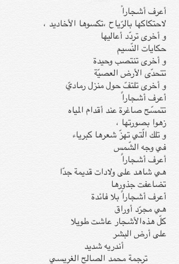 Zain زيـن Ar Twitter و هذه قصيدة مترجمة لأندريه شديد بعنوان أشجار الأشجار كالبشر أنواع و أصناف Http T Co Nrfw1rlvb9
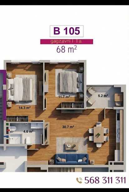 ქირავდება 2 ოთახიანი ბინა დიდ დიღომში
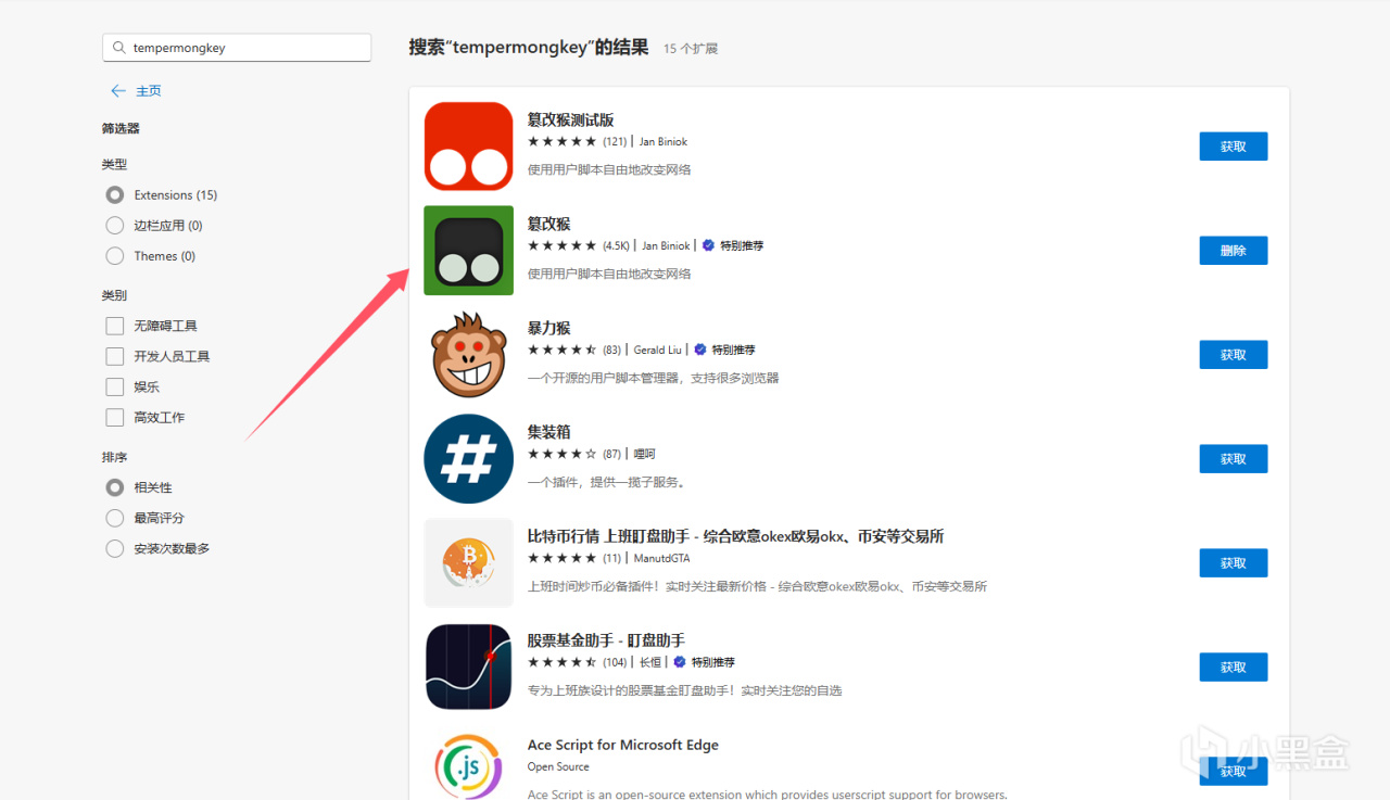 接下來就是這個畫面,再搜索temper,選中tempermonkey下載
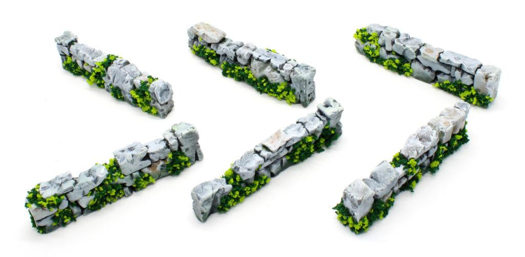 Ces murets ont été peints avec de simples brossage de gris, des lavis de brun et des brossages plus clairs jusqu’au blanc. J’ai ajouté un peu de flocage pour donner un plus de vie à ces petits éléments.
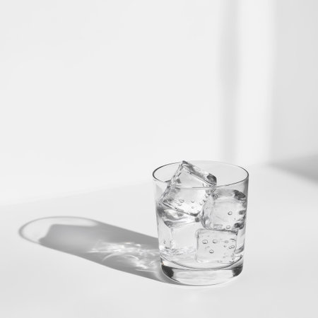 Close-Up of Transparent Glass with Ice Cubes on Flat Surface on the white background
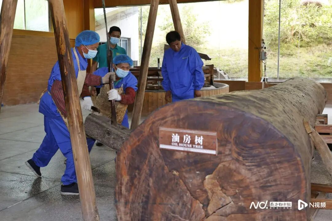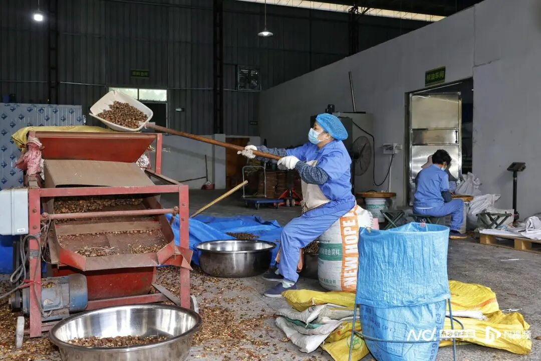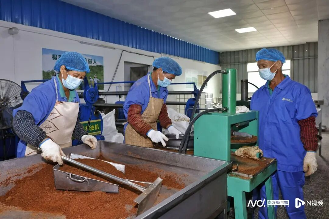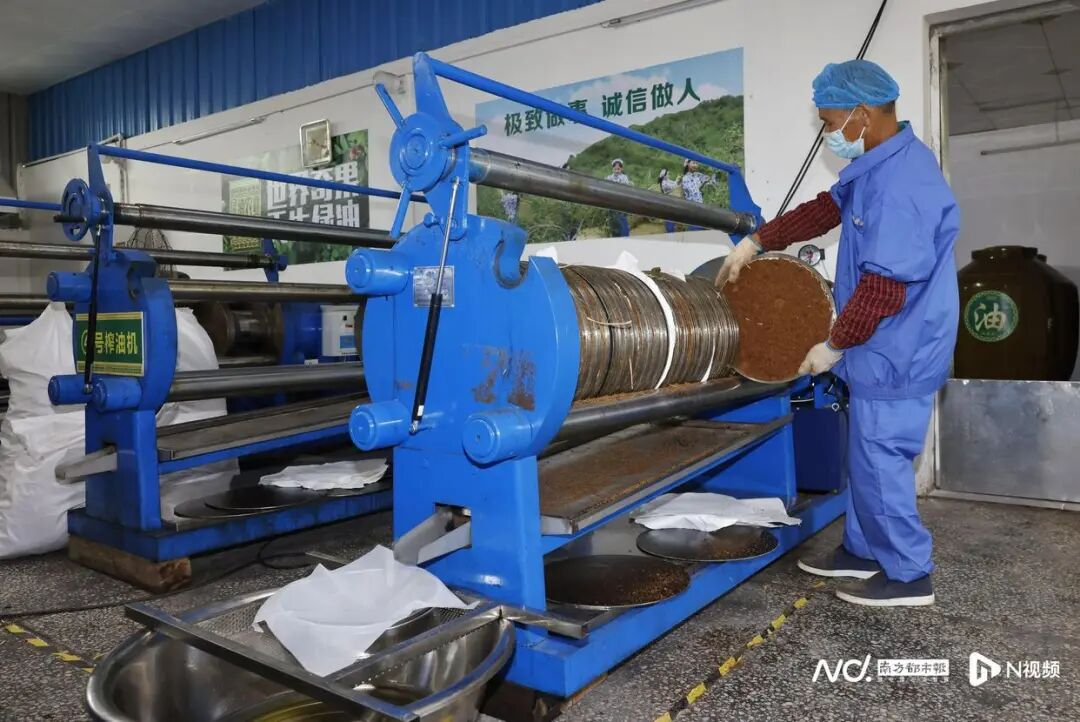 10月25日,在河源市龙川县赤光镇的一家油茶企业,工人们在进行一道道油茶榨油工序。
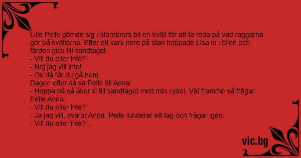 - Ja jag vill, svarar Anna. Pelle funderar ett tag och frågar igen:
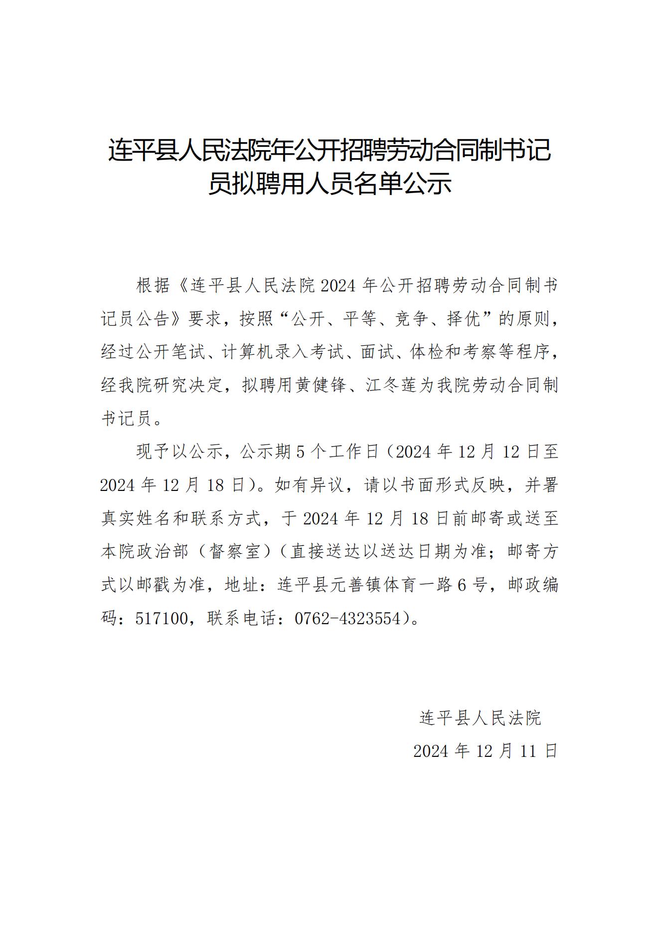 连平县人民法院公开招聘劳动合同制书记员拟聘用人员名单公示
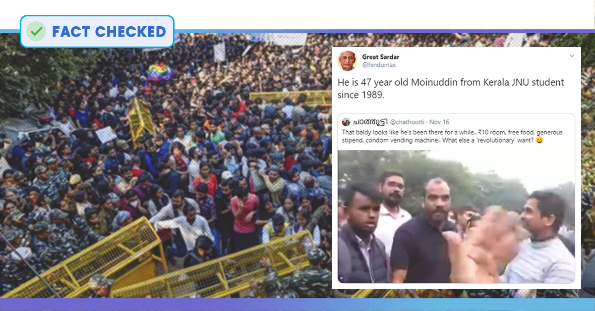 The person in the picture is not 47 years old Moinuddin from Kerala, but Pankaj Kumar Mishra, a 30-year-old from Uttar Pradesh who had taken admission in JNU this year. Previously, he was a student of Tata Institute of Social Sciences and had worked in in the health sector in rural Uttar Pradesh and Bihar and is currently pursuing his M.Phil in Social Medicine & Community Health from JNU.
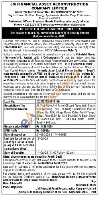 All That Piece And Parcel Of Land Along With Struc-ture Standing There On Being Commercial Plot In Khasra No. 187. Village Danau Kalan, Teshil Tunga, Jaipur, Area 52.88 Sq. Yard Bounded As East-Shop Of Roshan Lal, West Self Land, North Rasta, South-Self Land
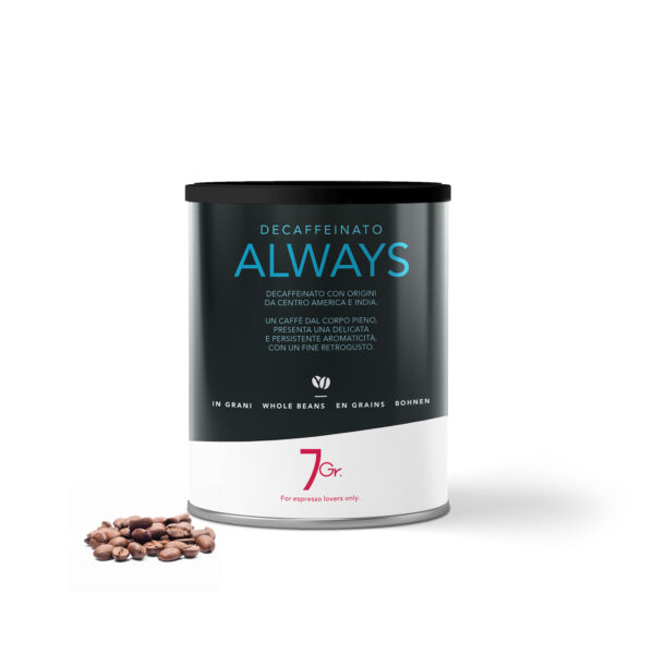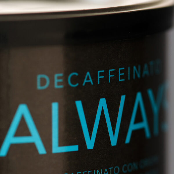 Our Always blend is decaffeinated using a natural method that preserves the aromatic integrity of the coffee, ensuring a rich and satisfying sensory experience.
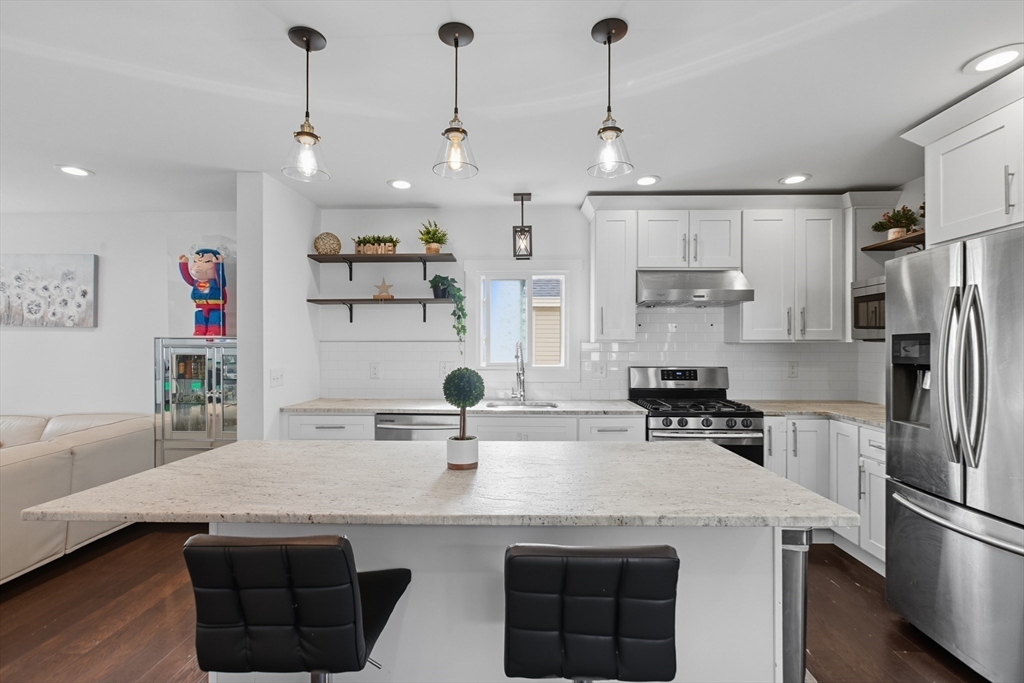 Welcome to 93 Wilson Ave, where modern updates and comfort meet an unbeatable Weymouth location. Gut renovated in 2018 with new roof, siding, electrical, and hot water tank, this home was further improved in 2020 with a new heating system, central A/C, and paved driveway. The sun-filled living room opens to a spacious, modern kitchen, while the primary suite offers a private bath with double vanity and a walk-in closet. The finished basement adds two flexible rooms for guests, office, or playroom. Outdoors, enjoy a deck and gazebo—perfect for family gatherings and summer entertaining. Commuters will appreciate the close proximity to the commuter rail, while Weymouth residents enjoy local beaches, parks, shopping, dining, and easy highway access. Don't miss this fantastic opportunity to own this house. First showing will be at the open house on Saturday 10/4 from 12pm to 2pm.

DIRECTIONS FOR THIS TASK
Could the data be reproduced exactly, with the pictures omitted?

RESPONSE FOR THIS EXERCISE
 Zain زيـن Ar Twitter و هذه قصيدة مترجمة لأندريه شديد بعنوان أشجار الأشجار كالبشر أنواع و أصناف Http T Co Nrfw1rlvb9
 ქირავდება 2 ოთახიანი ბინა დიდ დიღომში
 接下來就是這個畫面,再搜索temper,選中tempermonkey下載
 Ces murets ont été peints avec de simples brossage de gris, des lavis de brun et des brossages plus clairs jusqu’au blanc. J’ai ajouté un peu de flocage pour donner un plus de vie à ces petits éléments.
 Close-Up of Transparent Glass with Ice Cubes on Flat Surface on the white background
 10月25日,在河源市龙川县赤光镇的一家油茶企业,工人们在进行一道道油茶榨油工序。
 - Ja jag vill, svarar Anna. Pelle funderar ett tag och frågar igen:
 连平县人民法院公开招聘劳动合同制书记员拟聘用人员名单公示
 The person in the picture is not 47 years old Moinuddin from Kerala, but Pankaj Kumar Mishra, a 30-year-old from Uttar Pradesh who had taken admission in JNU this year. Previously, he was a student of Tata Institute of Social Sciences and had worked in in the health sector in rural Uttar Pradesh and Bihar and is currently pursuing his M.Phil in Social Medicine & Community Health from JNU.
 All That Piece And Parcel Of Land Along With Struc-ture Standing There On Being Commercial Plot In Khasra No. 187. Village Danau Kalan, Teshil Tunga, Jaipur, Area 52.88 Sq. Yard Bounded As East-Shop Of Roshan Lal, West Self Land, North Rasta, South-Self Land
 Our Always blend is decaffeinated using a natural method that preserves the aromatic integrity of the coffee, ensuring a rich and satisfying sensory experience.
 Welcome to 93 Wilson Ave, where modern updates and comfort meet an unbeatable Weymouth location. Gut renovated in 2018 with new roof, siding, electrical, and hot water tank, this home was further improved in 2020 with a new heating system, central A/C, and paved driveway. The sun-filled living room opens to a spacious, modern kitchen, while the primary suite offers a private bath with double vanity and a walk-in closet. The finished basement adds two flexible rooms for guests, office, or playroom. Outdoors, enjoy a deck and gazebo—perfect for family gatherings and summer entertaining. Commuters will appreciate the close proximity to the commuter rail, while Weymouth residents enjoy local beaches, parks, shopping, dining, and easy highway access. Don't miss this fantastic opportunity to own this house. First showing will be at the open house on Saturday 10/4 from 12pm to 2pm.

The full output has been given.